▼

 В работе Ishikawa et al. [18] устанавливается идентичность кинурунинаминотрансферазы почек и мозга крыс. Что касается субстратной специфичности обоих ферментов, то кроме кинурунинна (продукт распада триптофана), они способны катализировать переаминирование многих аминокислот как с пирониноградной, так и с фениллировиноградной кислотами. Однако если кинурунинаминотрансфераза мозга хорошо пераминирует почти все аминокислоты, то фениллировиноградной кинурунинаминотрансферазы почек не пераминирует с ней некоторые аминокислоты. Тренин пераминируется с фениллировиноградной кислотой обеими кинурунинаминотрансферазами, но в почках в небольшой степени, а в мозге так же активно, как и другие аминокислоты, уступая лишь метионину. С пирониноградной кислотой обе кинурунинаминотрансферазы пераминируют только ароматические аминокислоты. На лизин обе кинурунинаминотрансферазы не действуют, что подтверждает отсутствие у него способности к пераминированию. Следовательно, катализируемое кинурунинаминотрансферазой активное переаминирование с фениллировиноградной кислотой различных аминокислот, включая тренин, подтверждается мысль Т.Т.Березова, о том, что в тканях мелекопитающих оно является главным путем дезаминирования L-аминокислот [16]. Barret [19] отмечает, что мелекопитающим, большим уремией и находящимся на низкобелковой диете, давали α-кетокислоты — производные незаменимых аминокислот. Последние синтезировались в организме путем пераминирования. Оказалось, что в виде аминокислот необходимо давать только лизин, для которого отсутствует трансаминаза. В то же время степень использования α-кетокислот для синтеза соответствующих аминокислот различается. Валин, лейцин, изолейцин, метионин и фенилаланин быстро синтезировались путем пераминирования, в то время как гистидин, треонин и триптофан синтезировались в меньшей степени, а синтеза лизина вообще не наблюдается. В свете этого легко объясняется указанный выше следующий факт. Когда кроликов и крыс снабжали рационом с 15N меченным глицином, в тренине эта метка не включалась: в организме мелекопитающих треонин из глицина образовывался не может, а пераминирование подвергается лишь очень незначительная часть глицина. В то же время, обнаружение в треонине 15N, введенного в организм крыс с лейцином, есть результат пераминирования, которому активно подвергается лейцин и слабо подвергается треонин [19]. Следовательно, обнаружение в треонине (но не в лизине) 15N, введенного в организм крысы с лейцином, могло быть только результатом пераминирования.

▲
▼

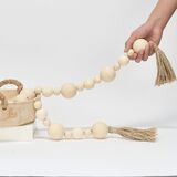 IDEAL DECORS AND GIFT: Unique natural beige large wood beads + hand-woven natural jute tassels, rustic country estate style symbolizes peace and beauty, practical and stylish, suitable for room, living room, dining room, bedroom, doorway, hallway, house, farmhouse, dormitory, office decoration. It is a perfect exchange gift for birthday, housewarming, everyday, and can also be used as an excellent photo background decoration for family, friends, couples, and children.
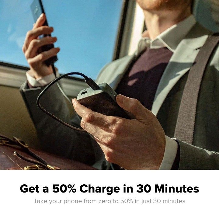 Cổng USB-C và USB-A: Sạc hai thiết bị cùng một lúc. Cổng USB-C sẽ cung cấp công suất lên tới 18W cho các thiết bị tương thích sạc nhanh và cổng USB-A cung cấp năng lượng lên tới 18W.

▲
▼

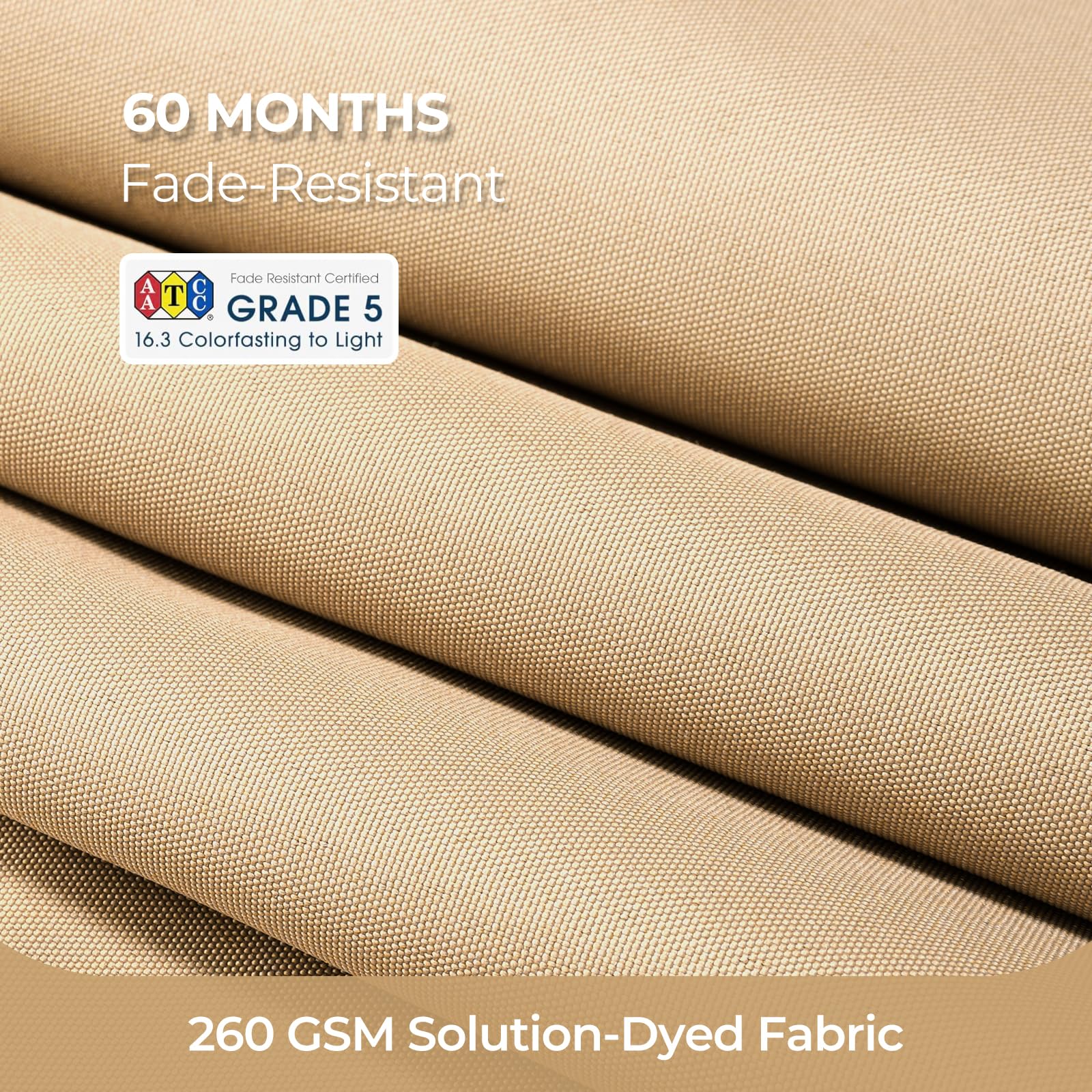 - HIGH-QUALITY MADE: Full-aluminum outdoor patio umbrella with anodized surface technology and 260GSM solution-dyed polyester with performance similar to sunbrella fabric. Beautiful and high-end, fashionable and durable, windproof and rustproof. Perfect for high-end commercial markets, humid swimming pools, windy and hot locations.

▲

* _Directions_: When you reach the line containing "IDEAL DECORS AND" in the entries above, begin restating word for word, and stop once the line containing "Cổng USB-C và" has been given. Omit the pictures.

* _Exercise answer_:
 IDEAL DECORS AND GIFT: Unique natural beige large wood beads + hand-woven natural jute tassels, rustic country estate style symbolizes peace and beauty, practical and stylish, suitable for room, living room, dining room, bedroom, doorway, hallway, house, farmhouse, dormitory, office decoration. It is a perfect exchange gift for birthday, housewarming, everyday, and can also be used as an excellent photo background decoration for family, friends, couples, and children.
 Cổng USB-C và USB-A: Sạc hai thiết bị cùng một lúc. Cổng USB-C sẽ cung cấp công suất lên tới 18W cho các thiết bị tương thích sạc nhanh và cổng USB-A cung cấp năng lượng lên tới 18W.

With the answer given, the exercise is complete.